# Need seed-friendly herbicide



## Ruark (Mar 22, 2012)

I need to spray 18 acres in central Texas. The main weeds are broomweed and western ragweed, with some thistle and horseweed thrown in. There's a native grass that will come up in the spring, but I'm not sure what it is yet. With our recent rains, these weeds are already getting up to 8-10 inches tall in places.

I need to kill those weeds, then surface-broadcast some B. Dahl seed after they die down (about a month later) and go over it with a heavy roller. The B. Dahl will come up with the native grass. All livestock have been removed until summer of 2013.

Grazon P+D seems to be a good choice for the weeds, but I'm hearing people say it's not a good choice because it has a strong residual effect that can kill seed and/or keep it from germinating. Reportedly, you have to wait about 6 months before seeding an area that's been treated with Grazon.

Is this true? If so, can anybody suggest another herbicide that would knock down these weeds and be more "seed friendly"?


----------



## Vol (Jul 5, 2009)

2-4D amine....no seeding for 6 weeks after application.

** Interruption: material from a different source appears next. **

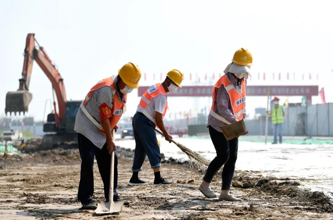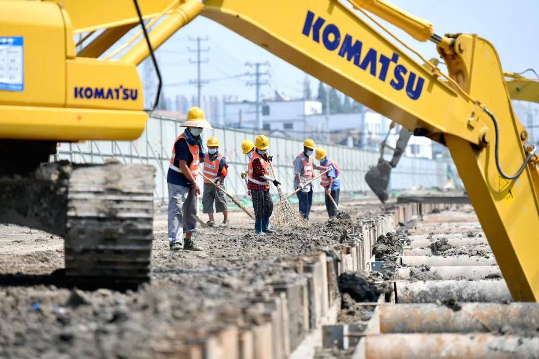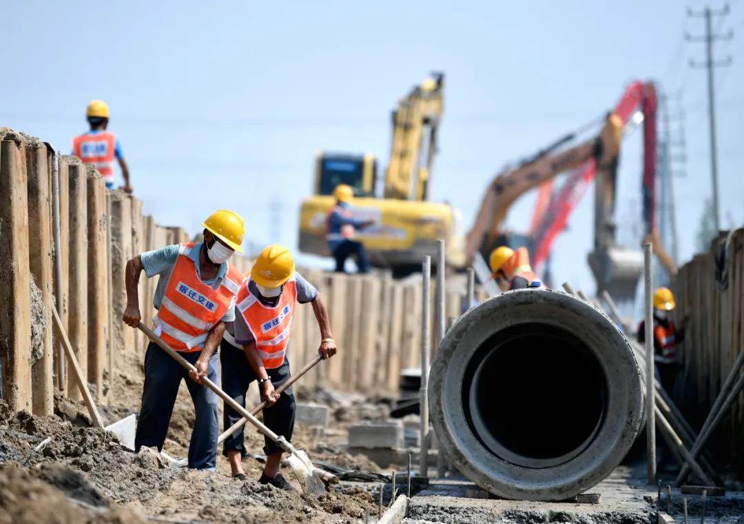 8月30日,徐淮路(通湖大道-淮徐高速公路宿遷西互通段)改造工程施工現(xiàn)場(chǎng),工人正緊鑼密鼓地進(jìn)行施工。

What you have been told about Grazon is correct.

Regards, Mike


----------



## Texasmark (Dec 20, 2011)

I bought and used Grazon P+D right after I earned/bought my applicator's license. It is a serious herbicide and even severely damaged trees whose roots extended into the pasture. I would use it with caution and yes it does kill brushy plants (the P part). The rest of it ( the D part) goes after broadleaf weeds. I don't recall it affecting pasture grasses.

On seeding behind Amine I read all over the warning label and found no precautionary statement as to how soon to plant after application. I Put out a 1% mix along with the same percentage of Geophospate (Roundup) at about 16 gal per acre and planted a little over a week later. Have had no rain on the seedlings and that was about a week ago so do not know if I did any damage. We'll see and report back. Supposed to rain in a few days then with the warm soil another 5 days for germination and a couple of days for the shoots to become visible so it will be a couple of weeks.

Mark


----------



## charlesmontgomery (Jun 4, 2011)

Texasmark said:


> I bought and used Grazon P+D right after I earned/bought my applicator's license. It is a serious herbicide and even severely damaged trees whose roots extended into the pasture. I would use it with caution and yes it does kill brushy plants (the P part). The rest of it ( the D part) goes after broadleaf weeds. I don't recall it affecting pasture grasses.
> 
> On seeding behind Amine I read all over the warning label and found no precautionary statement as to how soon to plant after application. I Put out a 1% mix along with the same percentage of Geophospate (Roundup) at about 16 gal per acre and planted a little over a week later. Have had no rain on the seedlings and that was about a week ago so do not know if I did any damage. We'll see and report back. Supposed to rain in a few days then with the warm soil another 5 days for germination and a couple of days for the shoots to become visible so it will be a couple of weeks.
> 
> Mark


I have been using Grazon P+D for years and have never damaged any pecans, red oaks, black jack oaks or white oaks and I spray the weeds under the tree's canopies. You either need to calibrate your sprayer or hire somebody that knows what they are doing. How long have you had that license?


----------



## Texasmark (Dec 20, 2011)

charlesmontgomery said:


> I have been using Grazon P+D for years and have never damaged any pecans, red oaks, black jack oaks or white oaks and I spray the weeds under the tree's canopies. You either need to calibrate your sprayer or hire somebody that knows what they are doing. How long have you had that license?


The trees were Hackberry which are native to my area and I was getting used to my sprayer. I mixed per directions but didn't have my application rate vs acreage down. Wasn't long after I obtained it. Yes, I apparently over did it, but was really surprised that a 20-30 ft tree would react that violently. Some died, some the bark just fell off in places, some just split open, and some became weak and the insects devoured them. I haven't used it since and haven't missed it.

Mark


----------



## Texasmark (Dec 20, 2011)

Well, I was out in the pasture yesterday and I saw these little green rows sprouting up. Looks like I have a hay patch and apparently I didn't get too close in behind the geophospate and 2-4D. Yes!

Mark


----------